▶ [Your task] Each line holding the string "الرئيس" is to be copied from the data.

▶ [Data supplied]
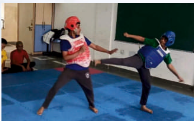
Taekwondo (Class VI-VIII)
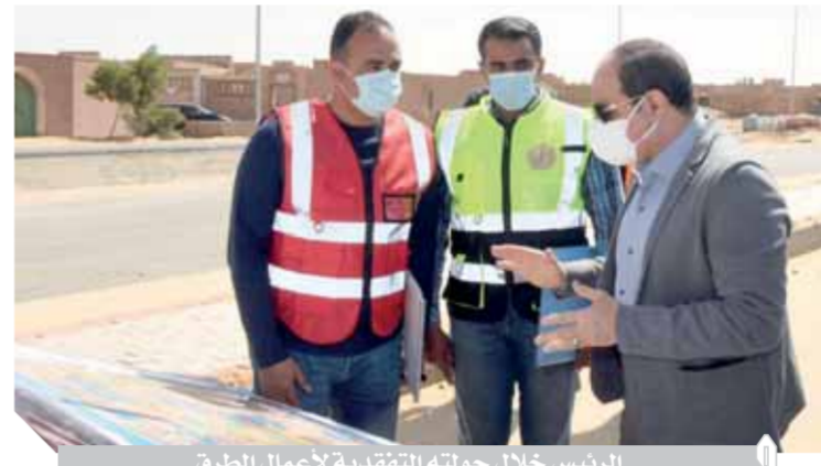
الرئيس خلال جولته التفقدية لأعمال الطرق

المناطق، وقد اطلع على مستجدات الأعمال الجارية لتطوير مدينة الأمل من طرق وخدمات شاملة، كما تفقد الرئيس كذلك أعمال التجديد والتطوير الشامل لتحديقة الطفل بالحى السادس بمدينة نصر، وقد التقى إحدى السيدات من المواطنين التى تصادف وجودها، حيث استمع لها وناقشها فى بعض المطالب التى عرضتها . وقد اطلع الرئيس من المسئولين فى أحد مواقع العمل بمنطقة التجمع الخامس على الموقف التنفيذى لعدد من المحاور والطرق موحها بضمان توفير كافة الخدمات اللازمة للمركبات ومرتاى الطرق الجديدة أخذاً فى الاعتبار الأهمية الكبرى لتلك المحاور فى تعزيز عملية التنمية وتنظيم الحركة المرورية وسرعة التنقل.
==
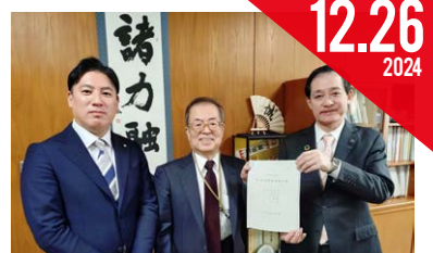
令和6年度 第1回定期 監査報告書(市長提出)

▶ [Reply to the exercise]
الرئيس خلال جولته التفقدية لأعمال الطرق
المناطق، وقد اطلع على مستجدات الأعمال الجارية لتطوير مدينة الأمل من طرق وخدمات شاملة، كما تفقد الرئيس كذلك أعمال التجديد والتطوير الشامل لتحديقة الطفل بالحى السادس بمدينة نصر، وقد التقى إحدى السيدات من المواطنين التى تصادف وجودها، حيث استمع لها وناقشها فى بعض المطالب التى عرضتها . وقد اطلع الرئيس من المسئولين فى أحد مواقع العمل بمنطقة التجمع الخامس على الموقف التنفيذى لعدد من المحاور والطرق موحها بضمان توفير كافة الخدمات اللازمة للمركبات ومرتاى الطرق الجديدة أخذاً فى الاعتبار الأهمية الكبرى لتلك المحاور فى تعزيز عملية التنمية وتنظيم الحركة المرورية وسرعة التنقل.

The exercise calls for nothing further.